Odroczenie na pięć dni
Jak wynika z materiałów statystycznych przygotowanych na potrzeby informacji rocznej o działalności Izby, na wyznaczenie terminu rozprawy w 2013 r. trzeba było czekać 11 dni. Średni czas czekania na samo orzeczenie to 16 dni.
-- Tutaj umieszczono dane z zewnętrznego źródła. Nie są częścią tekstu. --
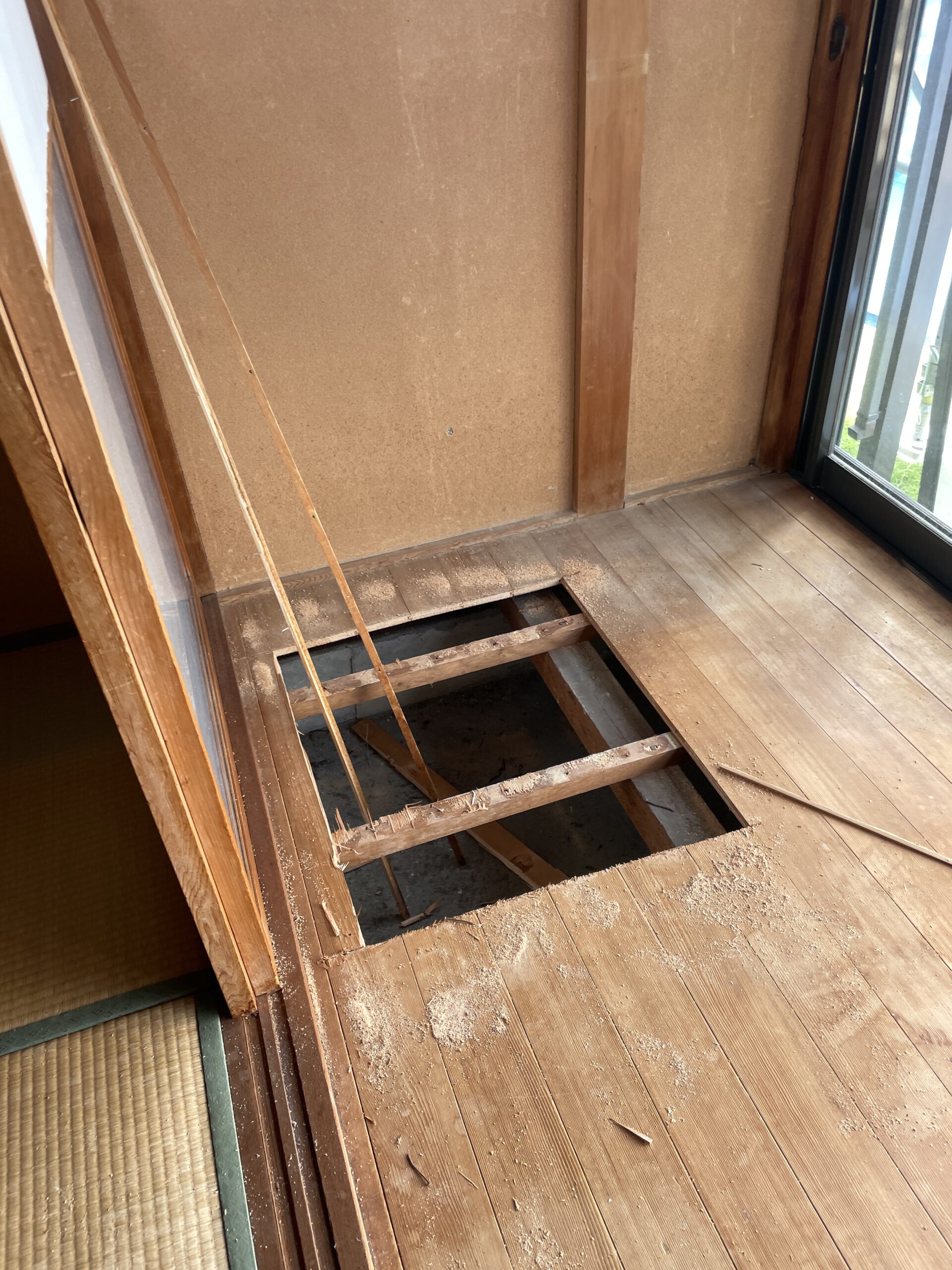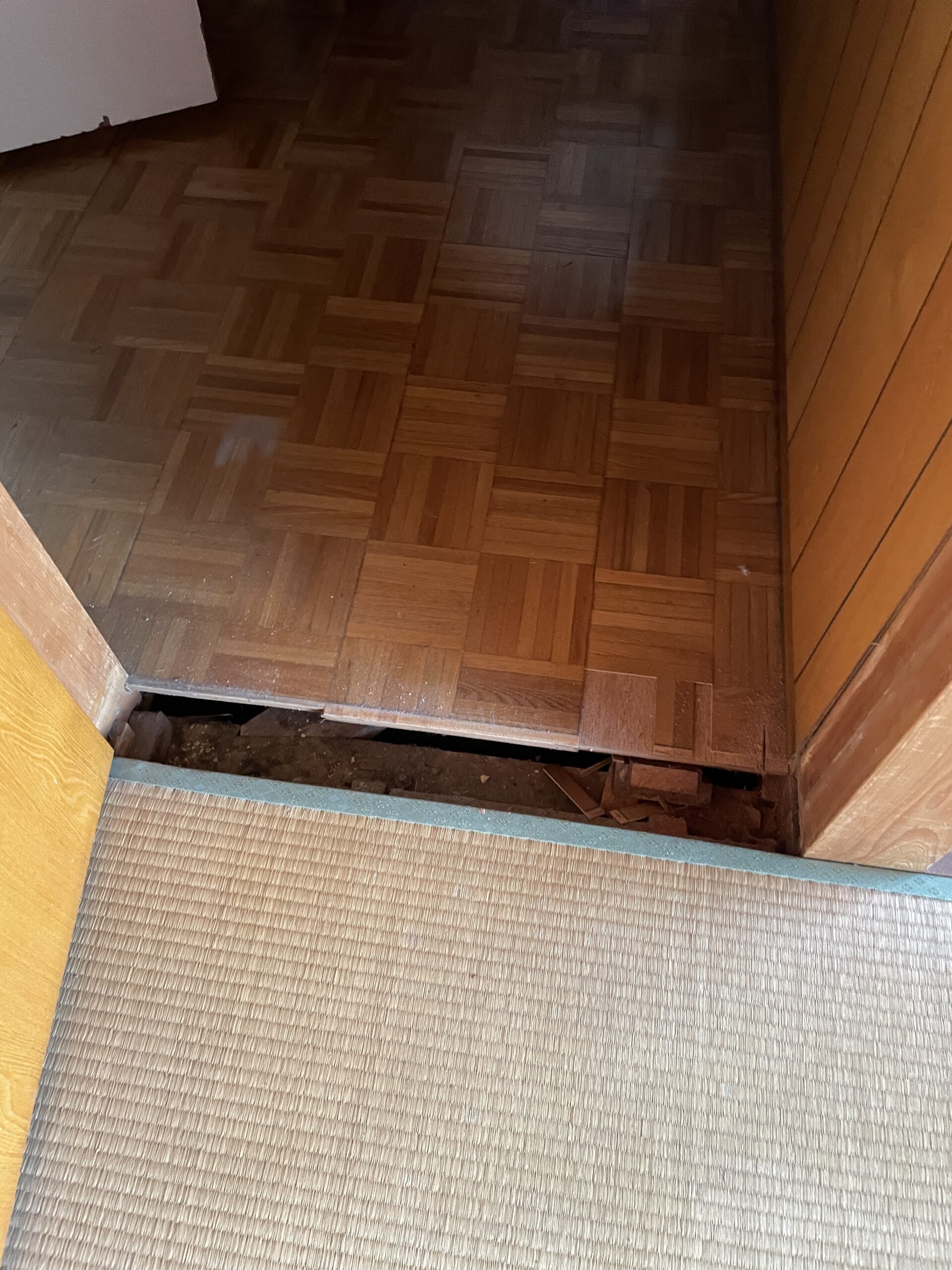 敷居を外したところ。敷居は欠きこみがされていてフローリングにしっかりと密着していた。大工の仕事がいい。

Tymczasem w 2012 r. było to odpowiednio osiem i 14 dni, a w 2011 r. – siedem i 12 dni.
Justyna Tomkowska, rzecznik prasowy Krajowej Izby Odwoławczej, zwraca uwagę, że najkrócej trwające postępowanie zostało zakończone w ciągu trzech dni – umorzeniem. – Najdłuższe postępowanie odwoławcze, trwające 96 dni, związane było z koniecznością uzyskania opinii biegłego – podaje.
Zgodnie z prawem zamówień publicznych w sprawie zawiłej izba może odroczyć wydanie orzeczenia na czas nie dłuższy niż pięć dni. W więcej niż połowie wypadków izba skorzystała z takiej możliwości.
– Wciąż jednak sprawy rozpatrywane są przez KIO bardzo szybko – zwraca uwagę Tomasz Czajkowski, były prezes Urzędu Zamówień Publicznych. – Oczywiście, to ważne dla przedsiębiorców, że ich sprawa jest rozstrzygana w takim nieodległym terminie. Jednakże ważniejsza jest jakość orzecznictwa. Tę oceniam różnie. Na pewno lepiej byłoby, gdyby zasadą było rozpatrywanie spraw w składzie trzyosobowym. Dziś zbyt dużo spraw trafia do jednego orzekającego – dodaje.